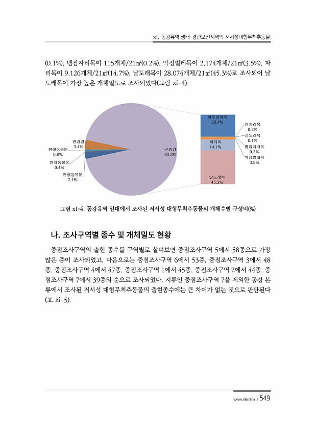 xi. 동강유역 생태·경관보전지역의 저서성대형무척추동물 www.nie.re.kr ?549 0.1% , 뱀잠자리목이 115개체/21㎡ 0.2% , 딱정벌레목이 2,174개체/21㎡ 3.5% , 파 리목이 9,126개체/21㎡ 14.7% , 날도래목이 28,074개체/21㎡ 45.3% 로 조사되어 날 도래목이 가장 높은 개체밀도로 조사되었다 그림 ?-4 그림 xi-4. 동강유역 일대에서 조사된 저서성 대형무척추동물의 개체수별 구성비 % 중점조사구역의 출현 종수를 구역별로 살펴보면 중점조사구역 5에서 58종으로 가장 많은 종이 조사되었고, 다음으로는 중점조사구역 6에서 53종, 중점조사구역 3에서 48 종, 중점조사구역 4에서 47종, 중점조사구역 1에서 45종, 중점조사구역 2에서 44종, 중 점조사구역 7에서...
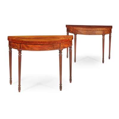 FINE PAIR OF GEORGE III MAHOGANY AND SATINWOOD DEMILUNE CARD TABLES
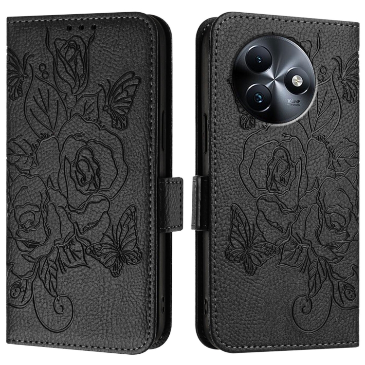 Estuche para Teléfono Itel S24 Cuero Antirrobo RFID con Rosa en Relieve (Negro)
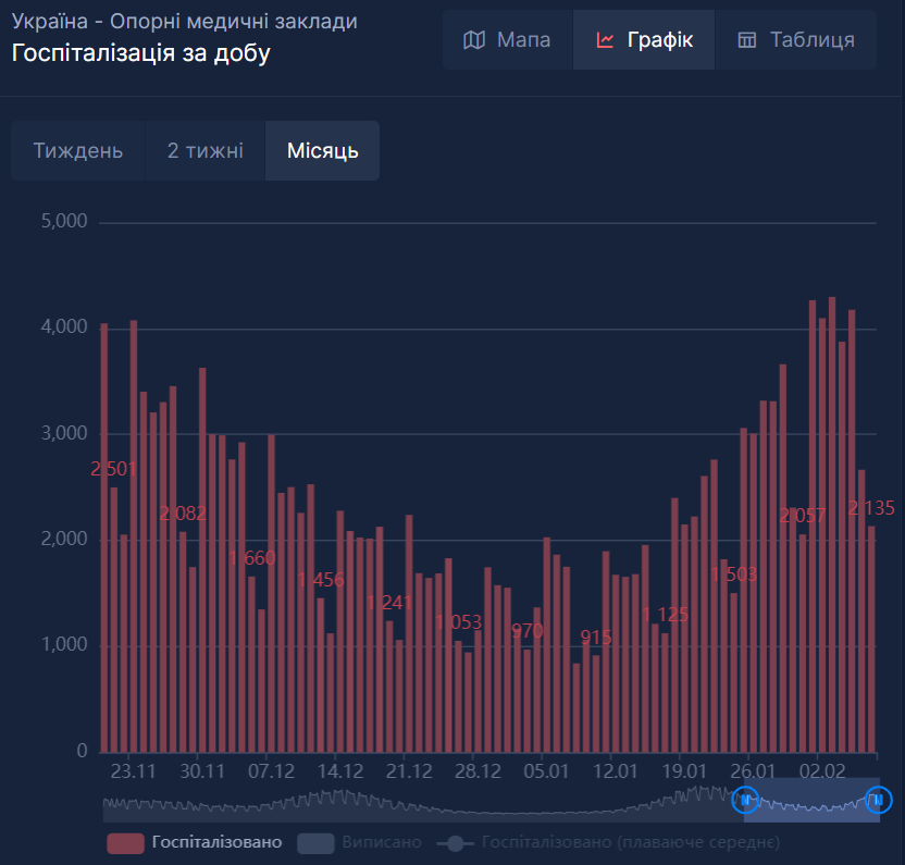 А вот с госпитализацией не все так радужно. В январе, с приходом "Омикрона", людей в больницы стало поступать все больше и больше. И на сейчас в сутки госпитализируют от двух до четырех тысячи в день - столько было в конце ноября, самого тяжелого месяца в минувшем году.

## Work to complete:
Reproduce the data above word for word from its first line through the line that holds "Estuche para Teléfono", both ends included; skip pictures.

## Answer to the exercise:
 xi. 동강유역 생태·경관보전지역의 저서성대형무척추동물 www.nie.re.kr ?549 0.1% , 뱀잠자리목이 115개체/21㎡ 0.2% , 딱정벌레목이 2,174개체/21㎡ 3.5% , 파 리목이 9,126개체/21㎡ 14.7% , 날도래목이 28,074개체/21㎡ 45.3% 로 조사되어 날 도래목이 가장 높은 개체밀도로 조사되었다 그림 ?-4 그림 xi-4. 동강유역 일대에서 조사된 저서성 대형무척추동물의 개체수별 구성비 % 중점조사구역의 출현 종수를 구역별로 살펴보면 중점조사구역 5에서 58종으로 가장 많은 종이 조사되었고, 다음으로는 중점조사구역 6에서 53종, 중점조사구역 3에서 48 종, 중점조사구역 4에서 47종, 중점조사구역 1에서 45종, 중점조사구역 2에서 44종, 중 점조사구역 7에서...
 FINE PAIR OF GEORGE III MAHOGANY AND SATINWOOD DEMILUNE CARD TABLES
 Estuche para Teléfono Itel S24 Cuero Antirrobo RFID con Rosa en Relieve (Negro)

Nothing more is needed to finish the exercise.